Eso es poco para todo lo que ella ha hecho por mí. Cuánto le agradezco a mi madre que me haya criado para que fuera independiente. Creo que desde pequeña ella se percató del tipo de persona que yo quería y podía ser, y así me educó. Me siento privilegiada por haber tenido una infancia maravillosa, perfecta diría yo, rodeada de libros, yendo al cine o aprendiendo sobre el mundo que me rodeaba.

Al mismo tiempo en que vivía esa etapa feliz, mi madre nunca desperdició tiempo para enseñarme cómo defenderme en la vida. Desde pequeña me inculcaron el amor, el respeto y la consideración a la familia, los amigos y los demás que conocería en un futuro. Recuerdo en mi adolescencia cuando me dejó ir sola al cine por primera vez, o a la playa, o al Coppelia.

Hoy, que tengo una edad en la que ya me siento capacitada para ser madre yo también, pienso en cuando llegue ese momento en la vida de mis hijos y me pregunto si podré tener la ecuanimidad que ella tuvo para permitir que me enfrentara al mundo, sin dejar de quedarse preocupada en la casa.

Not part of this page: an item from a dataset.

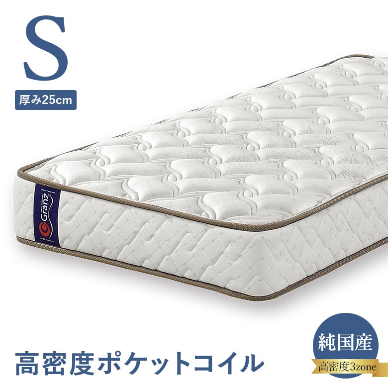 ポケットコイルマットレス シングルサイズ 高密度ポケットコイル 3ゾーン構造 並行配列 25cm厚 エッジサポート ナノポケット 日本製 グランツ Granz Sサイズ

Cuando yo aprendí a escribir le hacía postales a mi mamá el Día de las Madres, a ella le encantaban. Cuando fui un poquito mayor le preguntaba qué le hacía falta para regalarle en ese domingo de mayo. Ella nos respondía a mí y a mi hermano lo que casi todas las madres: “Lo que quiero es que se porten bien, que estudien y que ayuden en la casa.” Hoy ya no le pregunto, trato de buscarle algo, no que le haga falta, sino que le guste, que la sorprenda y que pueda recordar con alegría.

Por supuesto no dejo que cocine ni que haga nada en la casa, porque ese día es para ella. Todos los días tienen que ser para ella. Eso no es nada comparado con lo que ella ha luchado por que cada uno de mis sueños se haga realidad. Lo que más quiero es que ella pueda sentirse siempre orgullosa de mí.

Hoy pudiera imprimir este texto y dárselo de regalo en el Día de las Madres, pero siento un poco de inconformidad, no sé si he escrito lo suficientemente bien como para agradecerle todo lo que ella ha hecho por mí. En realidad nunca será suficiente, pero- como dije antes- para ella cualquier cosa es grande. Ella no pide nada, ella siempre da sin límites, sin condiciones porque, a pesar de cualquier contradicción o diferencia que podamos tener, de eso se tata ser madre, de perdonar y amar. Mi madre sí que sabe serlo.